Bagian Tujuh

6 1 0
                                    

Pagi ini Aurel mengajak kami bertemu seseorang. Kami duduk di coffe shop tanpa memesan apa pun, tetapi empat gelas kopi sudah tersaji di meja kami.

"Kak Yuna datang." Aurel memberitahu.

Aku menoleh, perempuan dengan tubuh mungil dan rambut tetgerai. Aku tidak mau mengungkapkan kesan pertama bertemu Kak Yuna ini. Dari cerita Aurel semalam, dia lebih tua 5 tahun dari kami.

"Aurel apa kabar?" sapa dia dahulu.

"Baik, Kak. Kak Yuna sama Kak Bastian, baik?" tanya balik Aurel. Secara bergantian Kak Yuna menyalami kami.

"Baik. Ini yang kamu ceritain semalam?"

"Iya, kak. Ini Elena, Rovel, dan Arman."

Aku tersenyum membalas senyum Kak Yuna ini. Rasanya berbanding terbalik antara cerita Aurel dan setelah bertemu langsung.

"Elena kayaknya butuh bantuan Kakak. Dia anak salah satu bandar narkoba. Keselamatannya terancam sekarang," jelas Aurel.

"Aku bisa bantu apa?" tanya Kak Yuna sambil menatapku.

"Gue mau keluar dari semua ini," jawabku. Aurel langsung menyenggol tanganku.

"El, gak sopan tau," lirih Aurel.

"Gak papa, Rel. Terserah Elena mau manggil kayak gimana, yang penting dia nyaman."

"Maaf, Kak."

***

Arman dan Aurel pulang, kali ini aku meminta Rovel menemaniku mengikuti Kak Yuna ke salah satu makam umum. Makam yang dituju sampai, dua malam kembar dengan tanggal kematian sama. Sebenarnya kami ingin meminta tolong untuk keluar dari kejaran Hercules, bukan berziaran ke makam yang bahkan aku tidak kenal.

"Dua makam ini, mereka bersedia menukarkan nyawa untuk aku dan Bastian. Kami waktu itu dikejar agen intelejen Cakra Hitam karena aku mencuri chip berisi data seluruh anggota intel negeri ini. Aku mencuri itu karena ingin hidup bebas sama seperti kamu, Elena," terang Kak Yuna. Aku semakin tidak mengerti.

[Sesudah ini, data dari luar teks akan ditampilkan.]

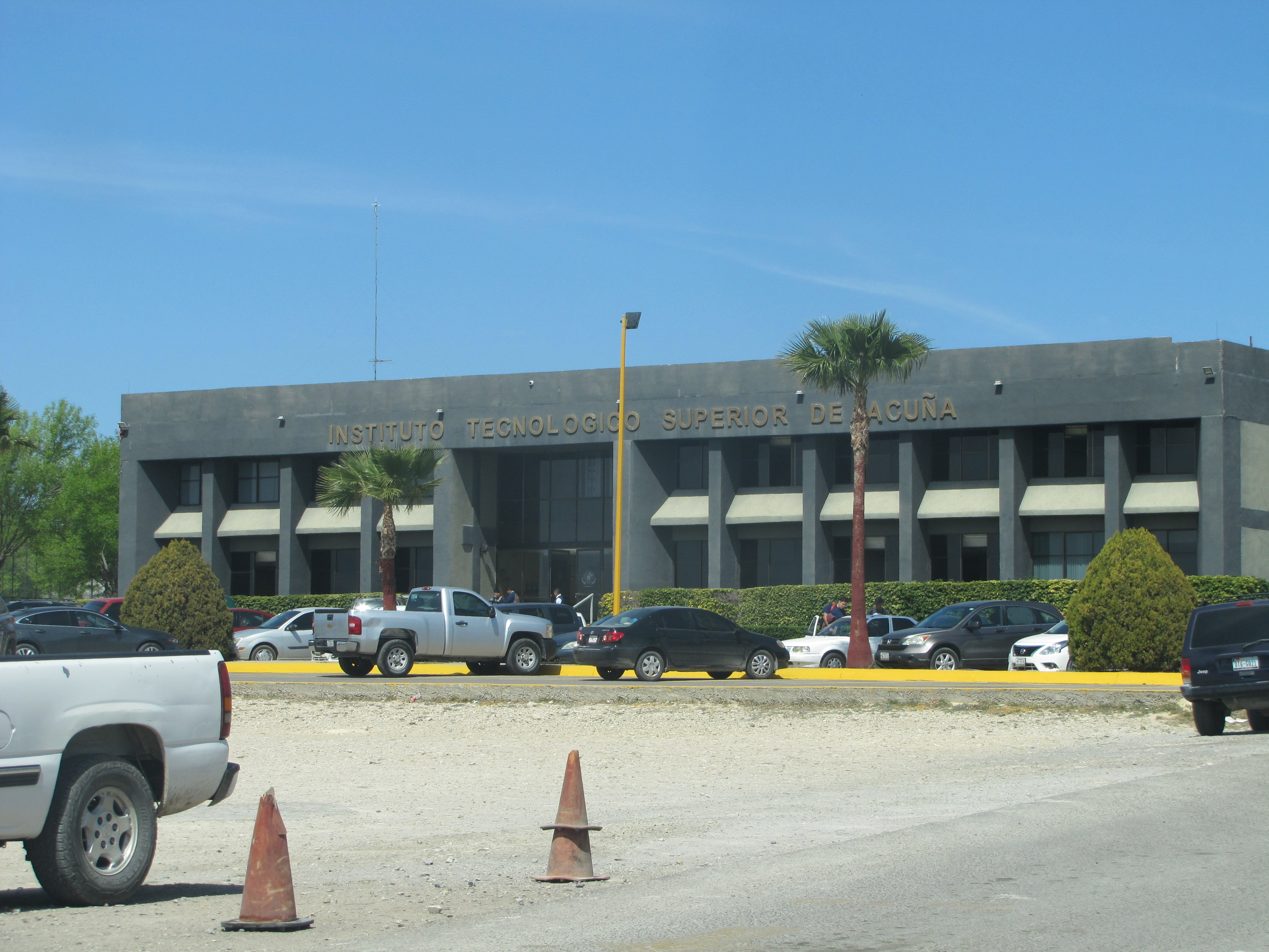 Entrance to Instituto Tecnológico Superior de Ciudad Acuña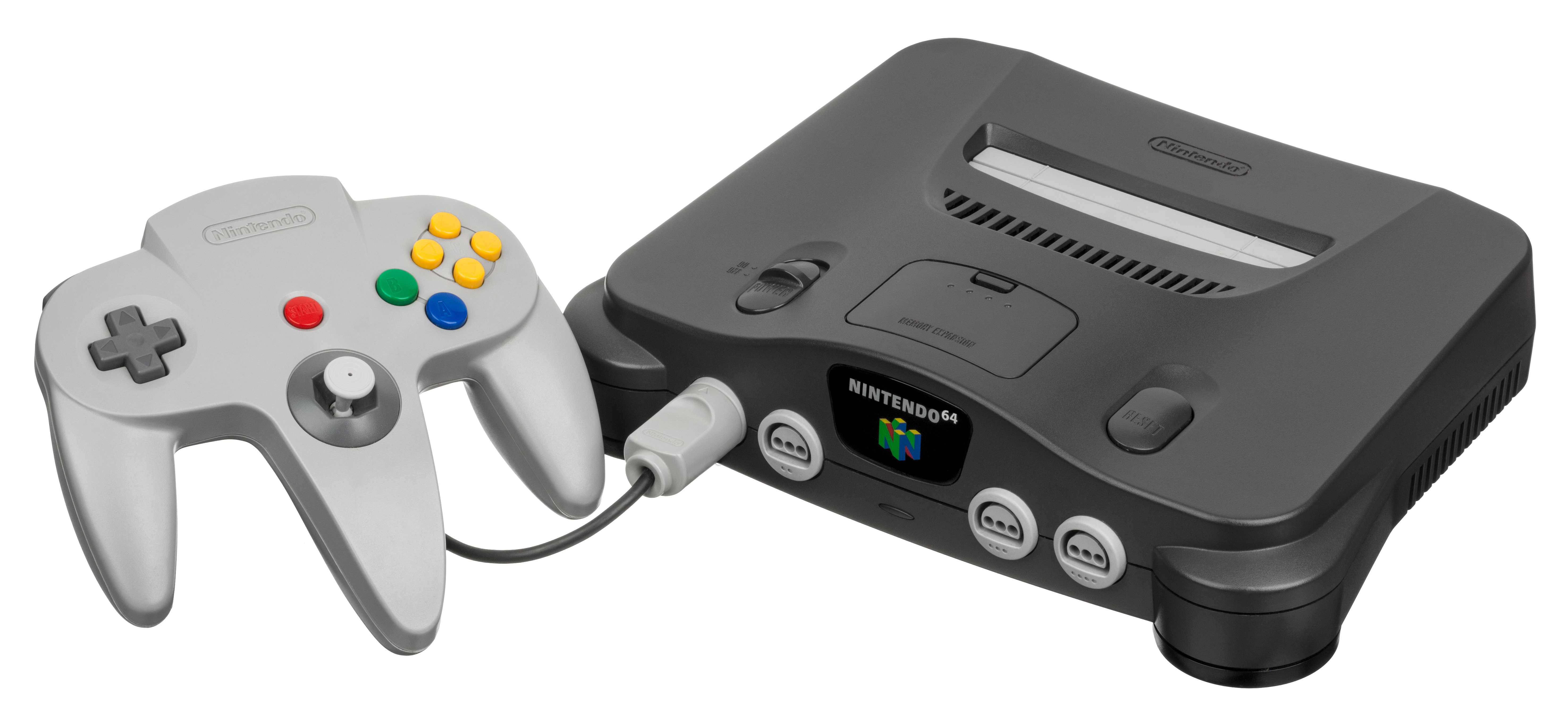 The Nintendo 64, a fifth generation gaming console released by Nintendo in 1996, over a year later than its rivals the Sega Saturn and Sony PlayStation. It was the most powerful of the fifth generation systems, but was severely hindered by some design challenges and its use of cartridge media. Those challenges and the launch delay caused many third party companies (who had worked with Nintendo on its previous system) to jump ship to the Sony PlayStation. The N64 sold over 30 million consoles in its lifetime, coming second to the PlayStation.

"Kalau saja aku tidak melibatkan Bastian, Tere, dan Febian. Mungkin saat ini Febian dan Tere masih bernapas. Aku tahu, mereka teman-teman yang sedia membantu apa pun situasiku. Tapi aku salah, karena yang bisa kabur dari belenggu-belenggu ini adalah kita sendiri," tambah Kak Yuna.

"Aku tahu, pasti kamu gak paham maksudku. El, yang bisa bebasin kamu dari kejaran Hercules itu kamu sendiri. Coba, kamu datengin dia baik-baik. Dia minta apa, pikirkan dampak positifnya."

"Kak, yang Hercules mau adalah kematian Elena, karena anaknya waktu itu mati pas jadi pacar Elena," jelasku.

"Kita bicara di mobil. Kakak cuman nunjukkin siapa yang kehilangan nyawa saat kejadian kakak dua tahun lalu. Kakak gak mau ada Tere dan Febian lain di dunia ini."

Kami kembali ke mobil Rovel. Sedari tadi aku tidak melihat Rovel bertingkah menyebalkan atau membuat Kak Yuna risih dengan tindakannya. Baguslah aku tidak perlu malu di depan mantan anggota intelejen ini. Aku tahu cara Aurel memperlakukan Kak Yuna dengan panggilan aku kamu, menunjukkan kalau Kak Yuna bukan orang sepele, walaupun sampai sekarang aku belum menemukan sisi power yang katanya sang pengendali bom.

Aurel menceritakan kalau Kak Yuna ahli cyber, merakit bom, pengintai, dan banyak hal fantastis lain. Tetapi mana? Yang terlihat hanya perempuan pemilik caffe shop langganan Aurel. Posturnya pun lebih tinggi aku. Ah, Aurel berbohong pasti.

Sempurna, Rovel di bangku pengemudi, sedang aku dan Kak Yuna di seat dua. Kami merenganggkan punggung sebelum memulai pembicaraan lagi.

"Kamu bilang, anaknya Hercules meninggal waktu pacaran sama kamu?" tanya Kak Yuna lebih dulu.